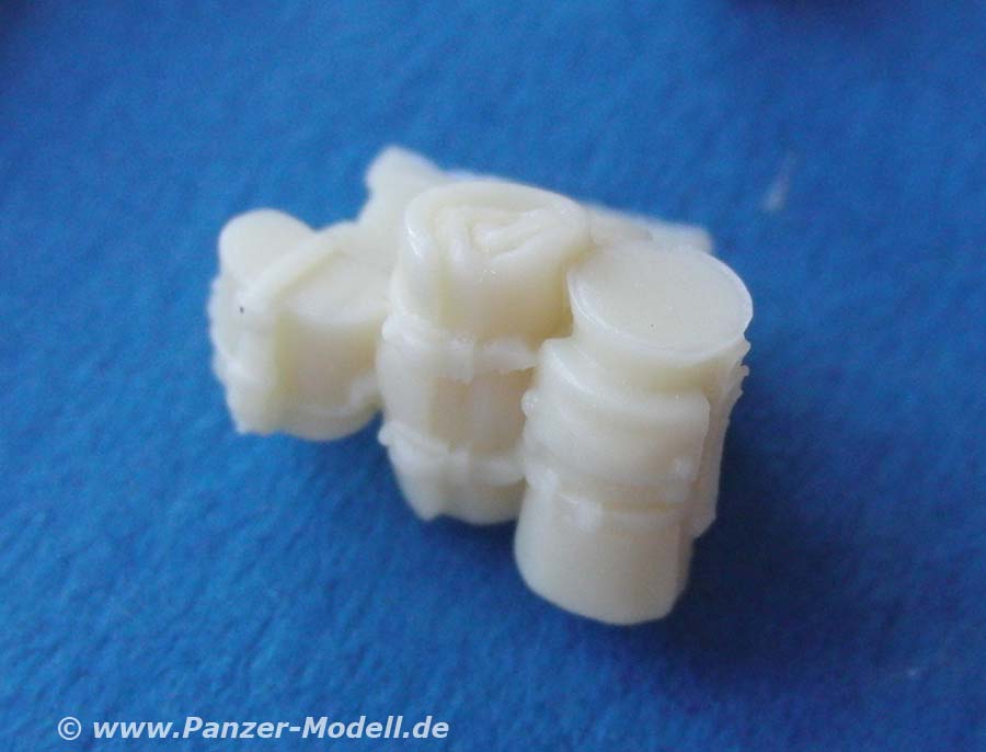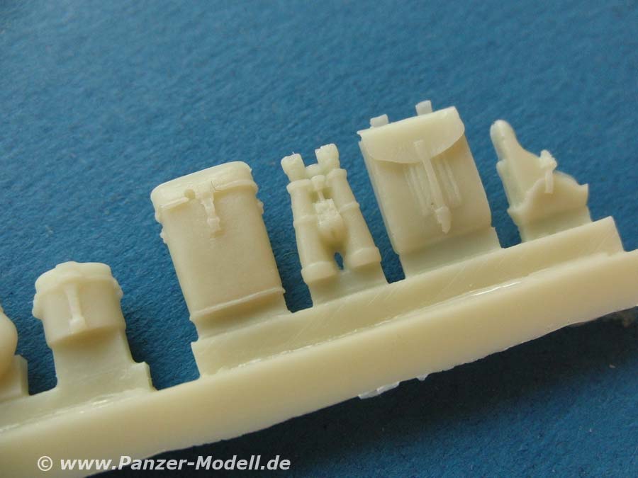 Die Auswahl an Zubehör ist richtig gut. Neben je 4 15cm Granaten zwei unterschiedlicher Typen gibt es Kartuschenhülsen, Magazinkästen, eingerollte Planen, Taschen und persönliches Gepäck, Kanister, Handwaffen wie Panzerfaust, MPs und Karabiner, Vorratsbehäter, usw.
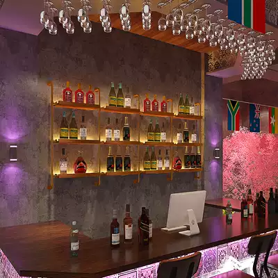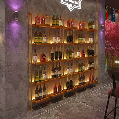 Bar luminous wall hanging Wine Rack bar bar solid wood iron partition wall column wine rack decoration display wine rack wine cabinet
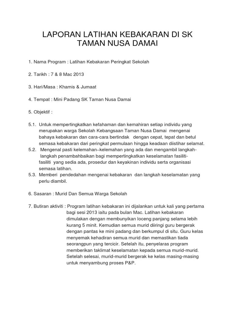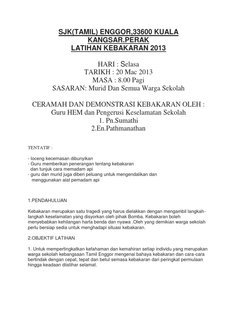 Latihan Kebakaran Sk Subak from img.dokumen.tips Posted by smkdm at 8:55 am. Terjemahan frasa latihan kebakaran dari bahasa indonesia ke bahasa inggris dan contoh penggunaan latihan kebakaran dalam kalimat dengan terjemahannya: Kebakaran hutan/lahan yang terjadi baik antar negara maupun antar provinsi di indonesia bukan spesifik negara, ekosistem, masyarakat. Memadamkan api menggunakan guni basah. Koordinasi dengan instansi yang berwenang atau aparat pemerintah setempat. Kereta bomba yang berharga rm 1.6 juta sebuah. Guru menerangkan tujuan latihan kabakaran. Murid berkumpul di luar bangunan sekolah, iaitu di depan sekolah.
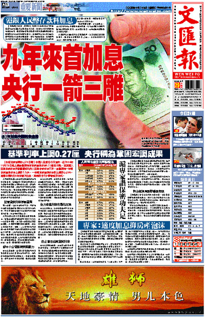 人行負責官員昨天回應記者提問時指出,針對近期經濟金融運行中仍然存在的一些矛盾和問題,為了進一步鞏固宏觀調控成果,人民銀行報經國務院批准,決定上調基本利率。他說,上調利率有利於進一步發揮經濟手段在資源配置和宏觀調控中的作用;有利於防止企業過多佔壓資金,緩解部分企業流動資金緊張狀況,減少資金體外循環;有利於優化經濟結構,提高經濟效益,保持國民經濟持續、快速、協調、健康發展的良好勢頭。
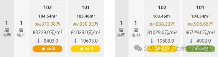 对比张家浜、新杨思、北蔡通面积段新房,起始总价超800万甚至接近900万,平均倒挂近16%!!
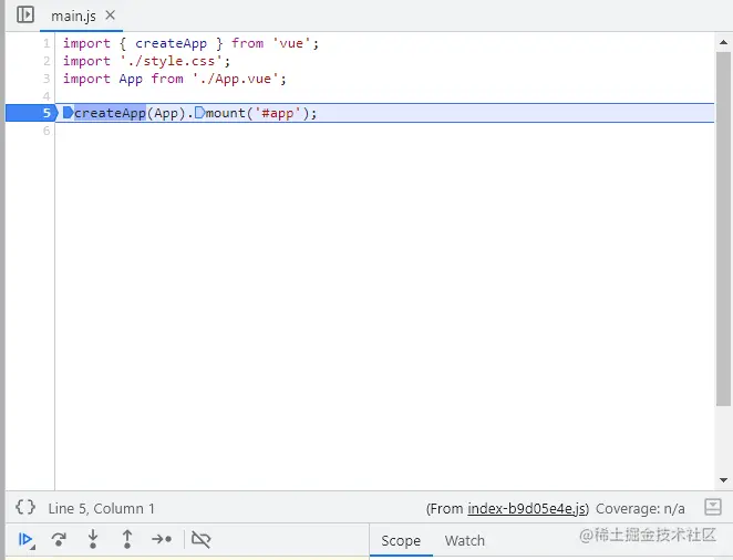 在浏览器里面我们把断点打到main.js的createApp那行,断点生效后点击step into(图1左下角)跳进函数声明,可以看到图2以及正确跳进了vue3的源码的createApp函数声明里面
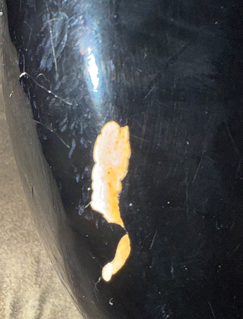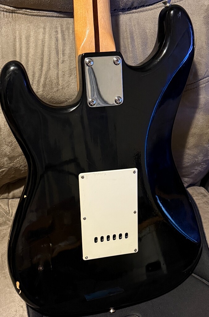 Several white (paint) marks on back of body came off with a bit of moisture and a bandana. A few dings in the black finish reveal wood, can’t tell whether solid or laminated/plywood (without taking off more of the finish).
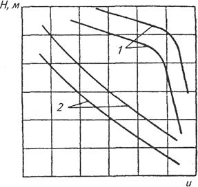 Оценку влияния изменения перечисленных выше параметров на подачу и напор струйного насоса производят по характеристике Н = f (и), которую получают на основании энергетического баланса (рис. 2.11).
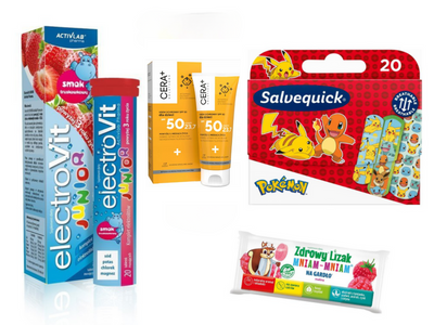 Pakiet ochrony dla dzieci: krem, plastry, elektrolity i słodki lizak na gardło - górski zestaw dla maluchów!
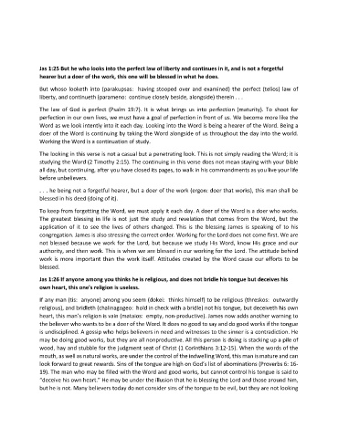 Jas 1:25 But he who looks into the perfect law of liberty and continues in it, and is not a forgetful
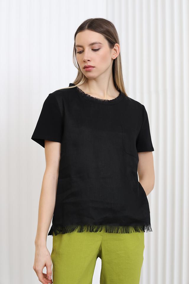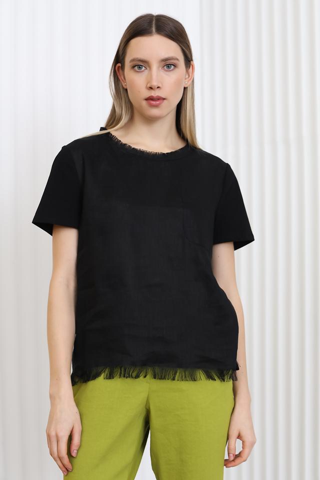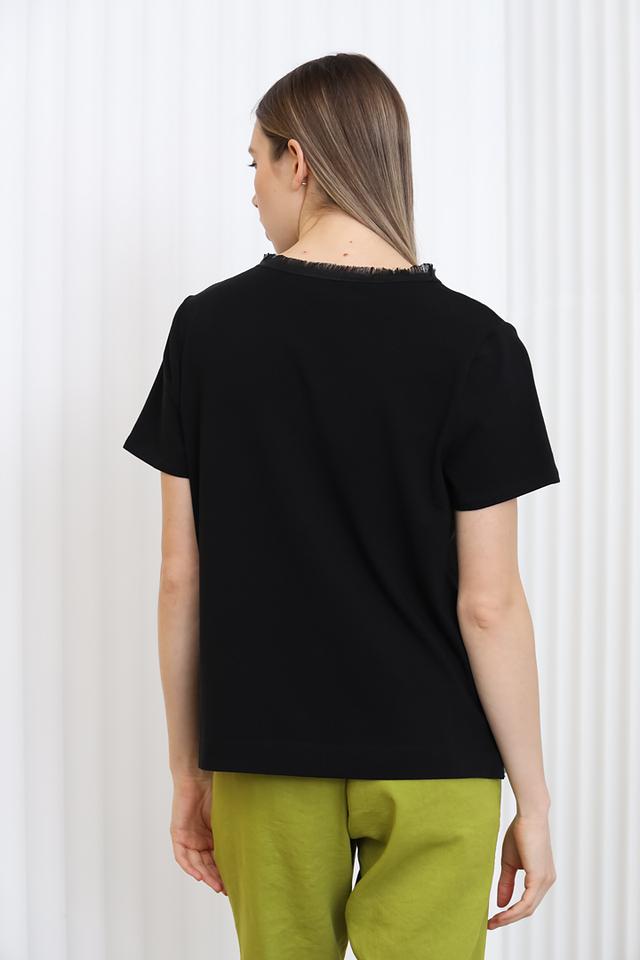 Чёрная блуза от Marc Cain из хлопка с эластаном. Модель свободного кроя с короткими рукавами и необработанным низом, декорированным бахромой, придаёт образу лёгкость и непринуждённость. Состав: хлопок 95%, эластан 5%
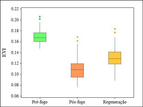 Observando-se a Figura 4 é possível verificar que antes do evento de incêndio as amostras de EVI apresentaram maior mediana e menor intervalo interquartil, evidenciando assim a homogeneidade de pixels de EVI, isto é, sem alterações importantes na cobertura vegetal. O EVIpós-fogo apresentou menor mediana da série provavelmente devido à perda da vegetação natural causada pelo incêndio. O EVIreg apresentou um aumento no valor da mediana, mostrando assim um bom desempenho da vegetação no processo de regeneração do bioma após aproximadamente 16 dias do incêndio. Apesar de todas as variáveis apresentarem outliers, apenas o EVIpós-fogo e EVIreg apresentaram desvio padrão e intervalo interquartil semelhantes, mostrando assim que os pixels estão com maior variabilidade nos valores de EVI.
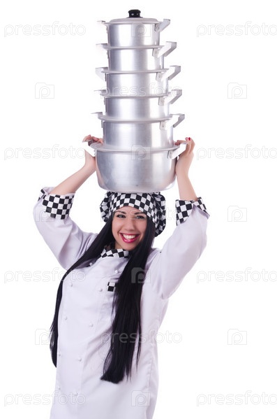Повар с кастрюлями
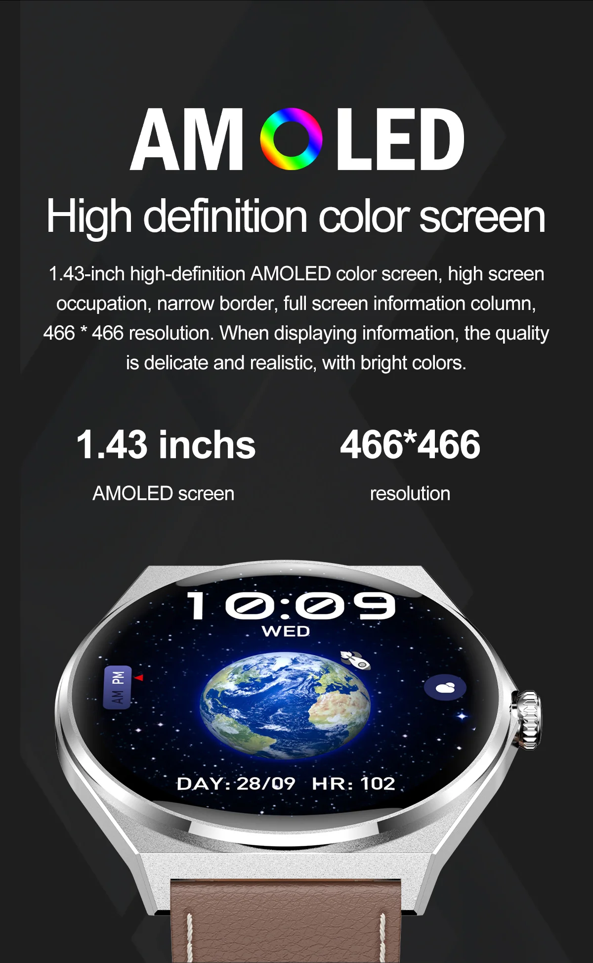 - function5: 1.43-inch AMOLED HD full touch screen
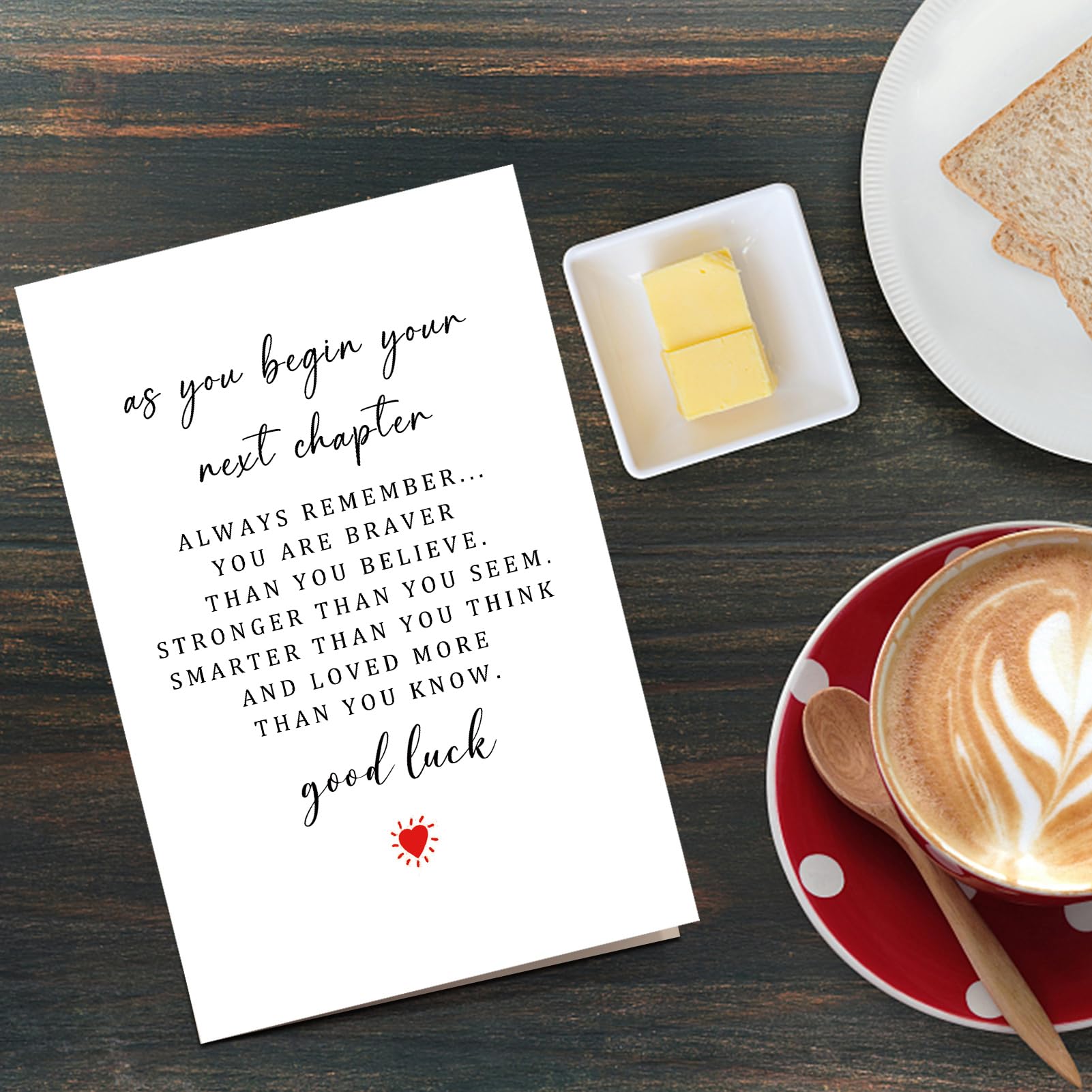 This is a great card to send to someone leaving a job, promotion, getting higher education, graduation, new job, moving, passing an exam, going through tough time, beginning a new chapter in their life, and wishing them good luck.

_ _ _ _

■ PROBLEM REQUIREMENTS ■
In your answer, give every line of the listing above exactly, and do not include the images.

■ RESULT ■
 Die Auswahl an Zubehör ist richtig gut. Neben je 4 15cm Granaten zwei unterschiedlicher Typen gibt es Kartuschenhülsen, Magazinkästen, eingerollte Planen, Taschen und persönliches Gepäck, Kanister, Handwaffen wie Panzerfaust, MPs und Karabiner, Vorratsbehäter, usw.
 Bar luminous wall hanging Wine Rack bar bar solid wood iron partition wall column wine rack decoration display wine rack wine cabinet
 Latihan Kebakaran Sk Subak from img.dokumen.tips Posted by smkdm at 8:55 am. Terjemahan frasa latihan kebakaran dari bahasa indonesia ke bahasa inggris dan contoh penggunaan latihan kebakaran dalam kalimat dengan terjemahannya: Kebakaran hutan/lahan yang terjadi baik antar negara maupun antar provinsi di indonesia bukan spesifik negara, ekosistem, masyarakat. Memadamkan api menggunakan guni basah. Koordinasi dengan instansi yang berwenang atau aparat pemerintah setempat. Kereta bomba yang berharga rm 1.6 juta sebuah. Guru menerangkan tujuan latihan kabakaran. Murid berkumpul di luar bangunan sekolah, iaitu di depan sekolah.
 人行負責官員昨天回應記者提問時指出,針對近期經濟金融運行中仍然存在的一些矛盾和問題,為了進一步鞏固宏觀調控成果,人民銀行報經國務院批准,決定上調基本利率。他說,上調利率有利於進一步發揮經濟手段在資源配置和宏觀調控中的作用;有利於防止企業過多佔壓資金,緩解部分企業流動資金緊張狀況,減少資金體外循環;有利於優化經濟結構,提高經濟效益,保持國民經濟持續、快速、協調、健康發展的良好勢頭。
 对比张家浜、新杨思、北蔡通面积段新房,起始总价超800万甚至接近900万,平均倒挂近16%!!
 在浏览器里面我们把断点打到main.js的createApp那行,断点生效后点击step into(图1左下角)跳进函数声明,可以看到图2以及正确跳进了vue3的源码的createApp函数声明里面
 Several white (paint) marks on back of body came off with a bit of moisture and a bandana. A few dings in the black finish reveal wood, can’t tell whether solid or laminated/plywood (without taking off more of the finish).
 Оценку влияния изменения перечисленных выше параметров на подачу и напор струйного насоса производят по характеристике Н = f (и), которую получают на основании энергетического баланса (рис. 2.11).
 Pakiet ochrony dla dzieci: krem, plastry, elektrolity i słodki lizak na gardło - górski zestaw dla maluchów!
 Jas 1:25 But he who looks into the perfect law of liberty and continues in it, and is not a forgetful
 Чёрная блуза от Marc Cain из хлопка с эластаном. Модель свободного кроя с короткими рукавами и необработанным низом, декорированным бахромой, придаёт образу лёгкость и непринуждённость. Состав: хлопок 95%, эластан 5%
 Observando-se a Figura 4 é possível verificar que antes do evento de incêndio as amostras de EVI apresentaram maior mediana e menor intervalo interquartil, evidenciando assim a homogeneidade de pixels de EVI, isto é, sem alterações importantes na cobertura vegetal. O EVIpós-fogo apresentou menor mediana da série provavelmente devido à perda da vegetação natural causada pelo incêndio. O EVIreg apresentou um aumento no valor da mediana, mostrando assim um bom desempenho da vegetação no processo de regeneração do bioma após aproximadamente 16 dias do incêndio. Apesar de todas as variáveis apresentarem outliers, apenas o EVIpós-fogo e EVIreg apresentaram desvio padrão e intervalo interquartil semelhantes, mostrando assim que os pixels estão com maior variabilidade nos valores de EVI.
Повар с кастрюлями
 - function5: 1.43-inch AMOLED HD full touch screen
 This is a great card to send to someone leaving a job, promotion, getting higher education, graduation, new job, moving, passing an exam, going through tough time, beginning a new chapter in their life, and wishing them good luck.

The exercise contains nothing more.